Queen’s grapples nationals

Gaels’ men’s and women’s wrestling teams compete at OUA championship in London, with bronze-medal performance earning wrestler a trip to nationals

Queen’s wrestler Joel Smith (left) wrestles Guelph’s Scott Young during the OUA championships in London on Feb. 20.
Queen’s wrestler Joel Smith (left) wrestles Guelph’s Scott Young during the OUA championships in London on Feb. 20.
57-kg wrestler Matt Di Staulo (right) won bronze at the OUA championships in London, earning him a trip to Calgary for the CIS nationals competition
57-kg wrestler Matt Di Staulo (right) won bronze at the OUA championships in London, earning him a trip to Calgary for the CIS nationals competition

The wrestling team concluded their season at the OUA championships on Feb. 20 at the University of Western Ontario.

The only Gael to qualify for the CIS championships in Calgary this weekend was rookie Matt Di Staulo, who placed third in the 57-kg weight class.

The Brock Badgers and the Lakehead Thunderwolves tied for first in the men’s team standings, with the Badgers claiming sole possession of first in women’s standings. Out of seven teams, Queen’s placed sixth in the women’s division and seventh in the men’s.

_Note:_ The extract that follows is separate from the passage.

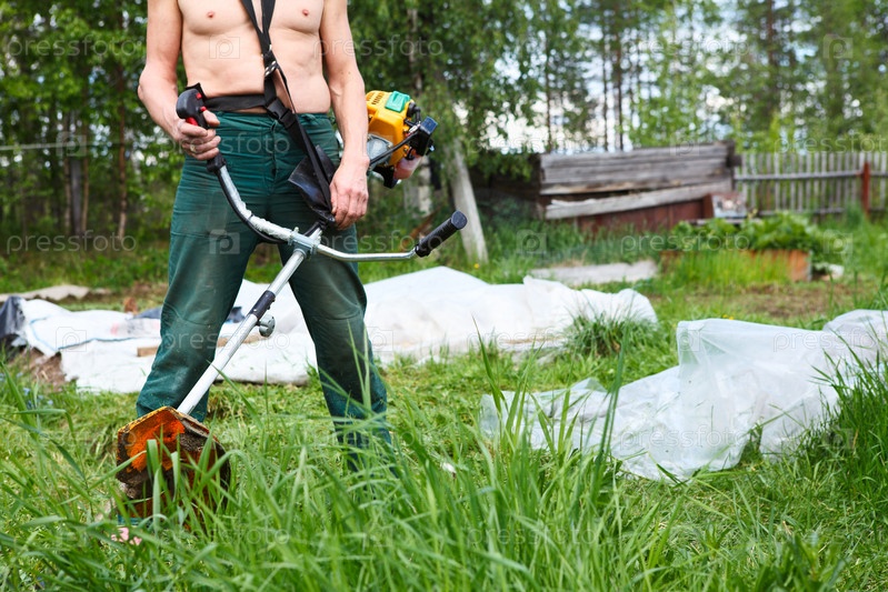 Мужчина с газонокосилкой

Gaels wrestler Katie Strang led the women’s team with a fourth-place finish in her event, losing 3-1 in the bronze medal game against Guelph and narrowly missing qualifying for a spot at the national championships.

Head coach Jamie Macari said the Gaels are in a rebuilding phase.

“Our team is young and the [top teams] are mature,” he said. “The standings can be deceptive because they don’t take into account the generation of athletes our team is working with.”

Macari, a former championship wrestler at Brock, said the team’s biggest challenge this year was maintaining the commitment of its athletes.

“The determining factor is going to be commitment,” he said. “I was one of the most flexible coaches there was, I think too flexible at times.”

Macari said the team didn’t have too much confidence entering the competition.

“We kind of realized that we weren’t in contention for the title and we kind of accepted that,” he said. “Being last place is fine. Accepting being last place is not fine.”

Queen’s entered the OUAs missing two key male wrestlers with injuries to middleweight Feodor Snagovsky and heavyweight Taylor Wood. The Gaels only submitted athletes to four of nine weight classes on the men’s side and five out of nine on the women’s.

Teams are awarded points for achieving high standings in class, leaving Queen’s unable to tally points in several weight classes.

Macari said the team started with a list of 70 interested athletes in September and was down six for each team by the end of the season. He said the sport is difficult for beginners.

“To believe that you’re capable of becoming a fighter is a scary thing because the moment you believe it, you hold yourself to that standard,” he said. “When you lose a race, the other person was faster. If you lose a combative sport, you were beaten. It’s so personal. To get up after you get beat down is an incredibly difficult thing.” The OUA championships were one of 11 tournaments this season that included the Queen’s Open. Macari said the team received unsatisfactory support when hosting the biggest varsity wrestling tournament in Eastern Canada.

“If this program is going to die, a good way to do it is to over-capacitate a gym for ten hours and give next to no seating,” he said. “They put us in the practice gym ... This team won’t exist if our tournament continues to go like that.”

Macari said his young athletes need to commit more next year.

“We have a really solid core right now and since they’re young they’re willing to work hard. It’s only a matter of time,” he said. “I want to move up a placement every year until we’re number one, and then redefine what number one is.”

Di Staulo, who’s in Calgary for the nationals, said coming to the Gaels this year after gaining extensive experience wrestling at Kingston’s Regiopolis High School was difficult to adjust to at first because of the small roster.

“It’s a little bit frustrating,” he said. “You go to practice and you don’t have someone to practice with in your weight class, so you don’t always benefit.”

Di Staulo suffered a neck injury during training in October but was back by second semester. He said the support he received helped him recuperate.

“I was never separated from the team,” he said. “I was at a point where I’d didn’t think I’d be coming back this season, but the support I got from my team and my friends and family brought me back in.” Di Staulo will compete in the 57-kg event at the CIS wrestling championships, which take place today and tomorrow at the University of Calgary.